The class, though, couldn't have been nicer. They actually applauded me! The Italian Spitfire gave me a wolf whistle! A woman I know only slightly came over and said, "I noticed when you came in, before you even got your jacket off, how toned you're looking." The woman who always stands behind me gave me a hug. It was really, really sweet.
I think I will wear "the outfit" every time I lose another five pounds. That will be a nice way to celebrate and announce. But I don't see myself wearing this every week!
My Brilliant Career
Today I printed and mailed my application for the Children's Writer-In-Residence Program. Fingers crossed! All I can do now is hope (and try not to think about it, really).

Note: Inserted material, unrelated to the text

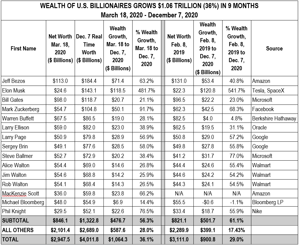 The collective wealth of all U.S. billionaires has increased over $1.1 trillion since mid-March 2020, a nearly 40% leap during the past 10 months of national emergency.

As I was printing, which took a while, I got a work request from one of my favorite clients, someone I haven't heard from in a while, to do a job that sounds awesomely fun. Good omen, you think? I will take it as such.
I went to my favorite Thai place for lunch to celebrate, and I was determined to pig out and drink lots of wine. First I had a very interesting salad, comprising lettuce, tomato, rice noodles, shrimp, snap peas, shredded carrots, and a sweet-spicy dressing — yum! And then I tucked into a gorgeous plate of Pad Thai . . . and was full after 10 bites. And I did have wine, but stopped at two glasses (back in the day, I could put away four, no problem. Not that that was usual, but for a celebration lunch? No problem). It was interesting to see how my stomach has shrunk, or whatever. I went to Starbuck's right after for a coffee and thought of getting a sweetie . . . but I just didn't want one. So that in itself was a kind of celebration.
Darling Barry, Missing the Mark
My new Manilow CDs have arrived and I've been enjoying a musical orgy! But I have to say, I am very disappointed in his rendition of "You've Lost that Loving Feeling" — he's way too upbeat and chipper. This is a heartbreaking song! Whenever I hear it, I'm instantly transported to the horrible weekend when it looked like my best male friend and I (I'll name no names) couldn't be friends any more. (He is more likely to describe it as "That Weekend You Were Such a B**ch.") That sang came up in my CD rotation, and I played it over and over and over again as I drove home (he lived a couple hours away at that time), weeping, weeping, weeping.
Barry's peppy little ditty is just all kinds of wrong. But so far, that's the only song I haven't loved.
Oh, and my best male friend and I have since made up and are total besties again. But I'll still name no names. ☺
I Think There Was One More Thing, But I'm Blanking
I'll add it later if it comes to me. Right now, I've got to get dinner on the table and decide whether I'm going to zumba tonight. (I am SO tempted to blow it off and stay home and drink wine and watch TV and take a bath and wallow. But I'll probably go.)